+++ Material for this task
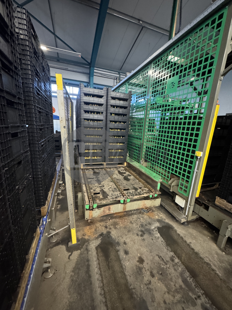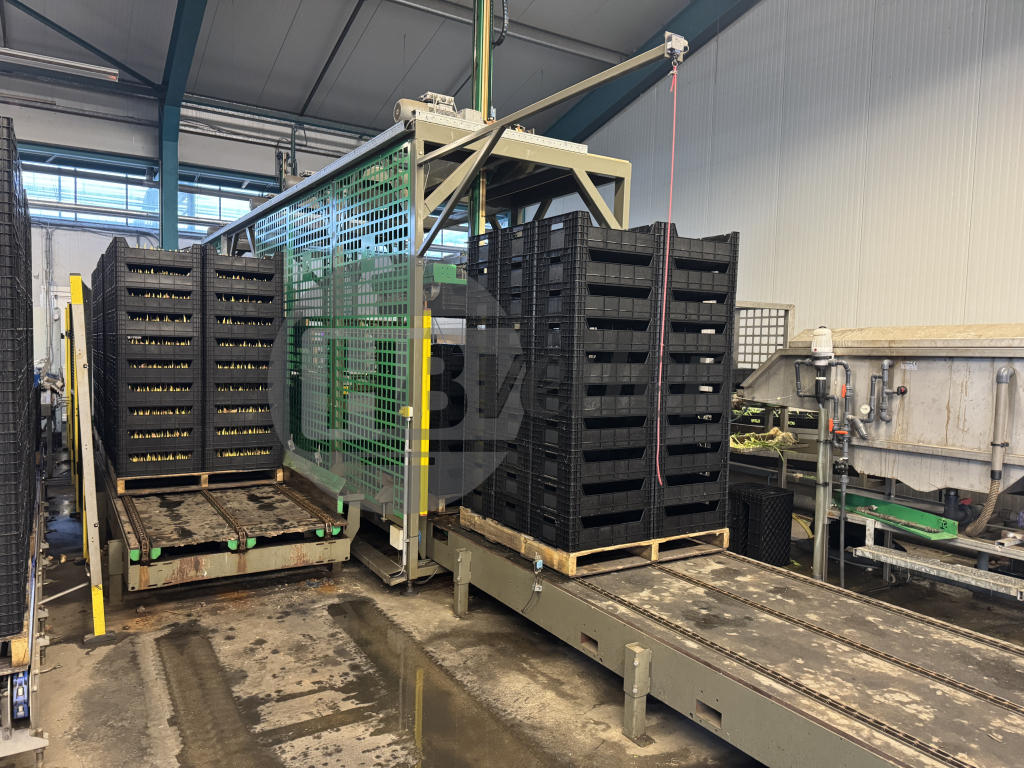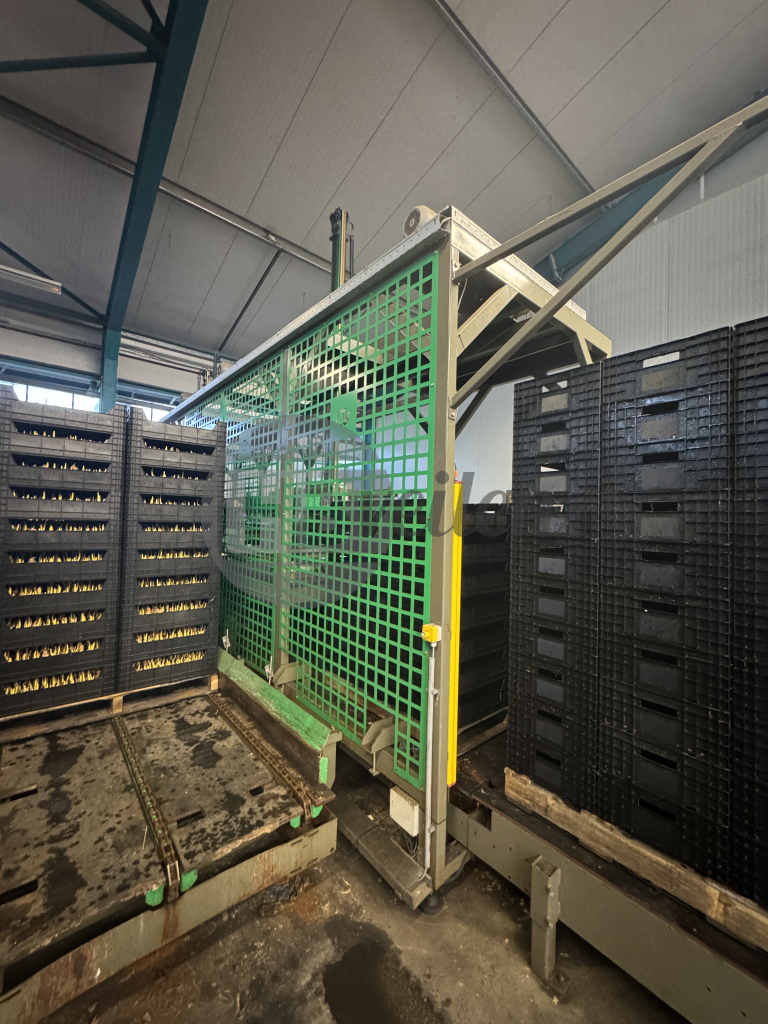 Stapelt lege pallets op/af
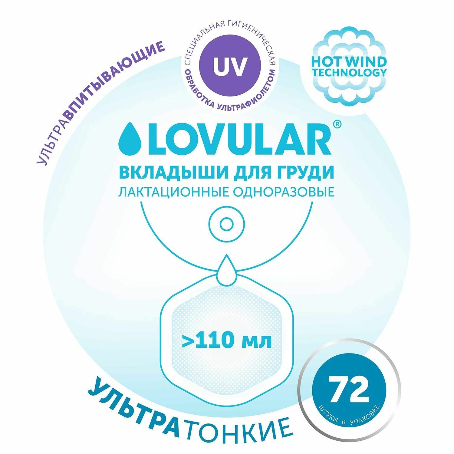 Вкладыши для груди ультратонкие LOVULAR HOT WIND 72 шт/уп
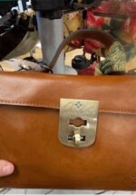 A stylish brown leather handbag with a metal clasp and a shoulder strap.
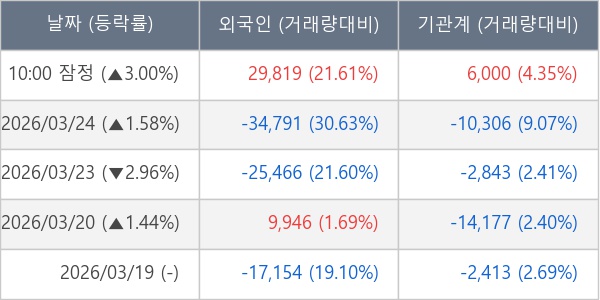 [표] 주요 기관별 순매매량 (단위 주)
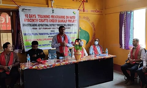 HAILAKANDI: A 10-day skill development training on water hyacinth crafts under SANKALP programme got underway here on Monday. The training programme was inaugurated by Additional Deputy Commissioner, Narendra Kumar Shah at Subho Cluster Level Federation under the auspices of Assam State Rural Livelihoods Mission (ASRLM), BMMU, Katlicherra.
++++++
> _About this task_
From the line that holds "A stylish brown" to the last line of the data, return those lines exactly and nothing else; both ends count, and pictures stay out.

> _Answer space_
 A stylish brown leather handbag with a metal clasp and a shoulder strap.
 [표] 주요 기관별 순매매량 (단위 주)
 HAILAKANDI: A 10-day skill development training on water hyacinth crafts under SANKALP programme got underway here on Monday. The training programme was inaugurated by Additional Deputy Commissioner, Narendra Kumar Shah at Subho Cluster Level Federation under the auspices of Assam State Rural Livelihoods Mission (ASRLM), BMMU, Katlicherra.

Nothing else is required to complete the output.